お土産に、令和3年国会議員手帳を頂きました。国民の休日や国会のしくみの説明がわかりやすくコンパクトにまとまっていて、大変使いやすい便利な仕様に、流石永田町と唸らされました。
20時に勉強会が終了すると同時に、華やかな御堂筋クリスマスイルミネーションが彩る心斎橋から、大阪のディープな街・西成へ急ぎ向かいました。
この日は、西成のホームレスの方々に寝袋やホッカイロを配るボランティアにお声がけ頂いていました。
「ええっ三角公園の方なんて行きたくないですよ・・・。あの辺は、怖いんですから。」
タクシーの運転手さんは、すっかり及び腰でした。
「大丈夫ですよ、何かあったら私は行政書士ですから、すぐに警察に連絡して事情を話しますから。」
巷で言う当たり屋、慰謝料狙いであえて車にぶつかってくるような事態も以前はあったそうです。
ただ、ボランティア団体の方々に話をしたところ、今の西成は高齢化して、そんな元気な人はいないと。たしかに、真冬の夜の西成では、ひっそりと静かに眠るホームレスの方々しか見かけませんでした。
タクシーを降りてすぐに撮った写真、奥に見える人達が私の友人で行政書士登録予定の山田六郎さんはじめ、西成のホームレス支援をされているボランティアの方々。
こうした光景が、三角公園周辺は其処此処に見られます。
私は初めて参加しましたが(ずっとお声がけは頂いていたのに)、お写真手前の石黒様(大阪の企業の社長様です)は、もう19年間にわたり毎週ホームレスの方々に無償でおにぎりや寝袋、ホッカイロなどを配り、お声がけするボランティア活動を続けていらっしゃいます。
私は飴とホッカイロをお渡しする係でした。
移動する車(ボランティアの方の車)のトランクには、沢山の寝袋が入っていました。おにぎりのお米も、全て人の完全なる善意で成り立っているボランティア活動だということがよくわかり、考えさせられました。
西成の自販機は、1本100円で買えた記憶のある昭和生まれの私でも見たことのない金額でした。

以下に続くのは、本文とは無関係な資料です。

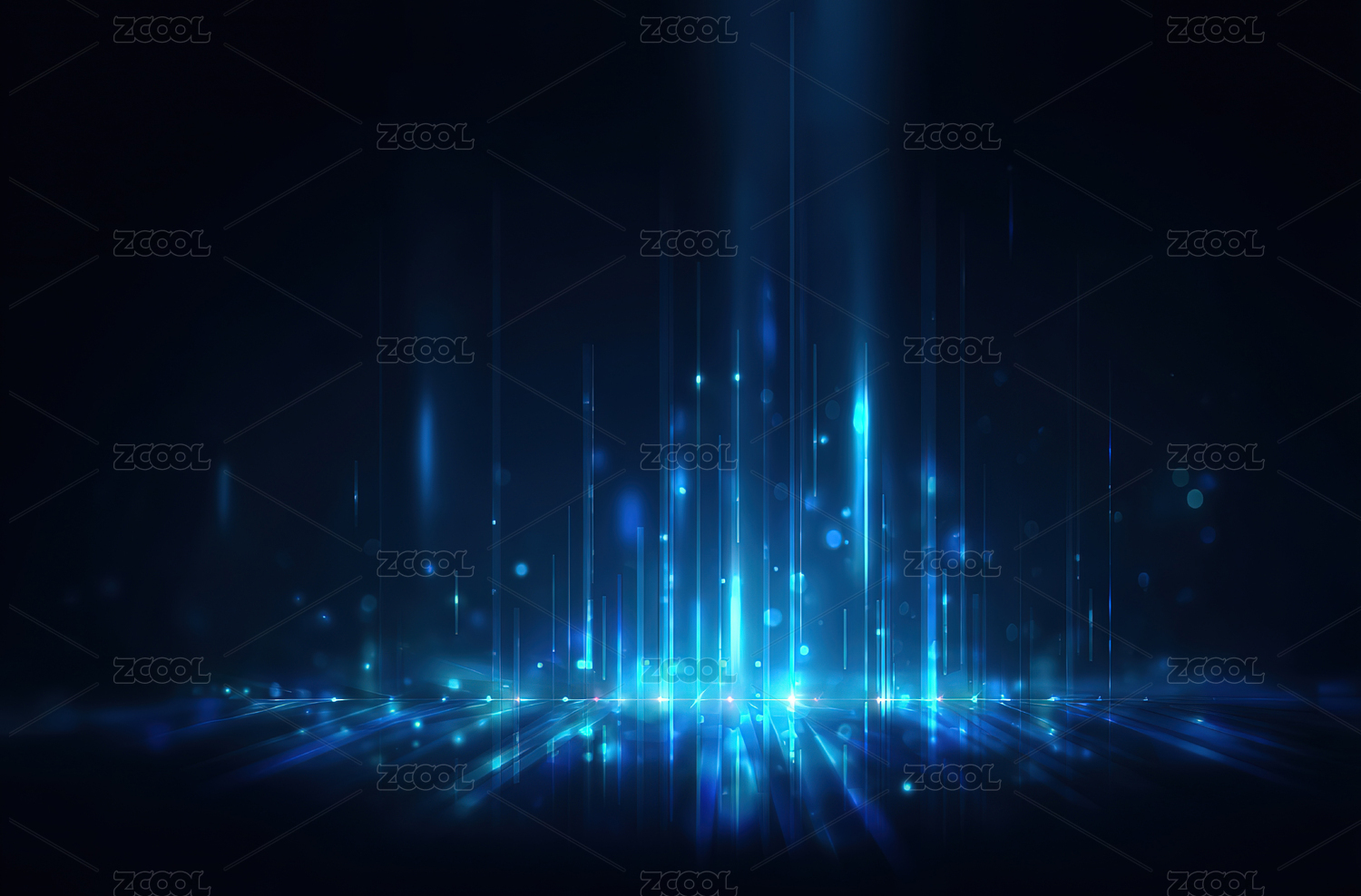 黑色背景下被照亮的蓝色光纤的特写镜头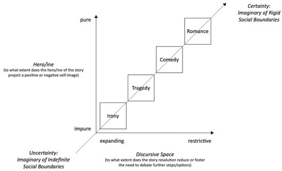 Forchtner et al. (2020) have demonstrated that, in Western societies, these four narrative genres—romance, comedy, tragedy and irony (Frye 1957)—can constrain (romance and comedy) or trigger (tragedy and irony) the inclusion of “Others” by delimiting or expanding the set of legitimate actors, perspectives and arguments in a discourse. Tragic and ironic emplotments allow for emancipatory and inclusionary critique by calling naive presumptions of the in-group’s purity into question, they induce mechanisms for inclusionary social reorganization. In contrast, romantic and comic emplotments stifle emancipatory and inclusionary critique by portraying an idealized, undivided in-group threatened by a troubling “Other”, set in an unambiguous, black-and-white plot. In the latter genre, argumentative exchange flows within the boundaries delimited by the “good” people (in-group), while (counter)arguments by othered interlocutors are preemptively discarded by the genre’s us–them moral dichotomy (see Forchtner et al. 2020, p. 207). In romances, “the good guys are clearly good from the outset: they wear the white hats while the bad guys wear the black hats” (Wagner-Pacifici 1986, p. 282). Consequently, tragic and ironic emplotments foster the enactment of Habermasian discourse presuppositions which allow for text-level communication in new formations of social relations beyond pre-existing boundaries, while comedy and romance impede such enactment and manifest the social boundaries between “the good us” and “the bad them”.

ボランティアの方が、熱いホットコーヒーを買って下さり、1時間後にまた別のボランティアの方が熱いレモンティーを買って下さいました。人様のご厚意に甘んじてばかりいてはいけませんね。
とにかく寒くて寒くて、路上で寝ようとしている方に「がんばってください」とお声がけする自己矛盾に苦しみました(がんばってどうにかなる寒さではない、朝までどうやって過ごすのだろうと思うと胸が痛みました)。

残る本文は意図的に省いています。